In the years following the publication of Tragedy and Hope in 1966, writers on both the right and left began to recognize this. For example, New Left writer and activist Carl Oglesby came to realize that some of his ideas about elite power in the U.S. had been anticipated by Quigley. On the far right, meanwhile, Quigley found a convert in W. Cleon Skousen, a former FBI agent who later became a star of the John Birch Society’s lecture circuit. In 1970, Skousen published a book-length review of Quigley’s Tragedy and Hope that was titled The Naked Capitalist. It quoted so heavily from Quigley’s work that Quigley threatened to sue for copyright infringement.
Skousen chose to emphasize Quigley’s mention of subterranean financial arrangements between certain Wall Street interests and certain groups on the U.S. left, in particular the Communist Party. Oglesby, meanwhile, shared Quigley’s interest in the challenge posed to Wall Street’s Eastern elite by newer oil and defense-aerospace money concentrated in the Southwest. But as Oglesby recognized, Quigley’s meticulous research into elite power shaded insensibly over into the study of “conspiracy”:
Am I borrowing on Quigley then to say with the far right that this one conspiracy rules the world?
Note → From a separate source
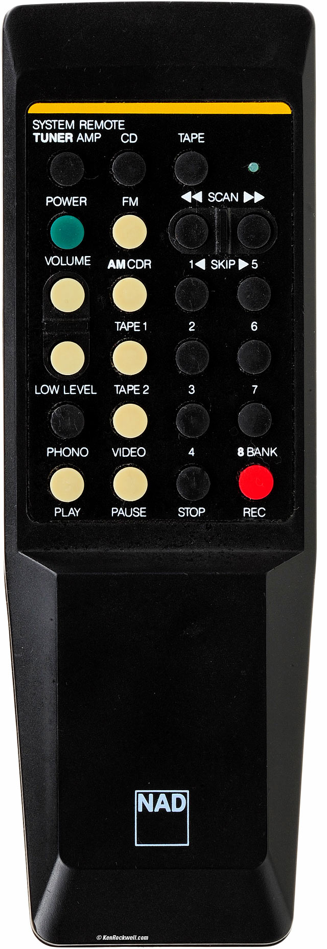October 2014 NAD reviews audio reviews all reviews Introduction top Intro Specifications Measurements Compared The NAD 7400 is a great-looking receiver that works as well as it looks. The reason I bought one used in 2014 is because it's big, well designed buttons and knobs make it fast and easy to get to my music, compared to the garbage sold new today that requires menus and fiddling to get anything adjusted. Every big button is clearly marked and does only one thing. One of the best things about this receiver, other than how it looks and sounds, it its tuning knob. It's the best of all worlds: it's a free-spinning flywheel knob that is opticoupled to a digitally synthesized tuner. This way it tunes and scans like a slide-rule-dial tuner (ten times faster than arguing with push buttons), and it has quartz-synthesized frequency accuracy. Older tuners lacked the tuning accuracy and precision, and newer ones got cheap with crummy UP - DOWN push buttons instead of the big flywheel knob. Likewise specific to NAD, earlier receivers tended to have crummy push terminals for the speakers (this 7400 has real banana post pairs), and newer NADs got rid of the clear, direct controls. These NADs were originally relatively inexpensive receivers that used clever design and off-shore manufacturing to extract great sound out of an inexpensive package. It has a metal face and push-on plastic knobs. No set screws here! The remote control is much more legible than others, and it's designed so that the infrared LEDs shine out the bottom as well as the front, so you can point the bottom or the front at the receiver as you read the buttons. NAD Monitor System remote control. enlarge. There are LEDs on the remote control to let you know it's transmitting, and another LED on the front face of the NAD 7400 to let you know it's receiving. Brilliant! The green power button is a long-push button that tells the computer to turn the power on or off. It's not a bigger switch actually handling the power itself as in older equipment. The FM tuner has an IF NARROW position to increase selectivity to allow receiving weak stations that are normally covered by stronger local stations. The FM tuner tunes in 50 kHz steps so you can detune to pick up a very weak station next to a very strong station. Stations in the USA are spaced 200 kHz apart. The 5-LED signal strength meter works great on both FM and AM. It will read lower than useless meters that usually read full-scale all the time. When it reads 3 out of 5, you've got a good signal. 4 is very good, and 5 is excellent. 2 is OK, 1 is getting weak, and none is weak. There are no overload lights for the power amplifier. NAD has all sorts of crazy soft clipping. There are loads of lights on the front panel when playing the radio, but only one or two LEDs lit when playing other inputs. All the tuner lights extinguish if you're not listening to it. All the push buttons have a relatively long throw. The speaker and BASS EQ buttons toggle in and out, while the others pop out after being pressed.

The arguments for a conspiracy theory are indeed often dismissed on the grounds that no one conspiracy could possibly control everything. But that is not what this theory sets out to show. Quigley is not saying that modern history is the invention of an esoteric cabal designing events omnipotently to suit its ends. The implicit claim, on the contrary, is that a multitude of conspiracies contend in the night. Clandestinism is not the usage of a handful of rogues, it is a formalized practice of an entire class in which a thousand hands spontaneously join. Conspiracy is the normal continuation of normal politics by normal means.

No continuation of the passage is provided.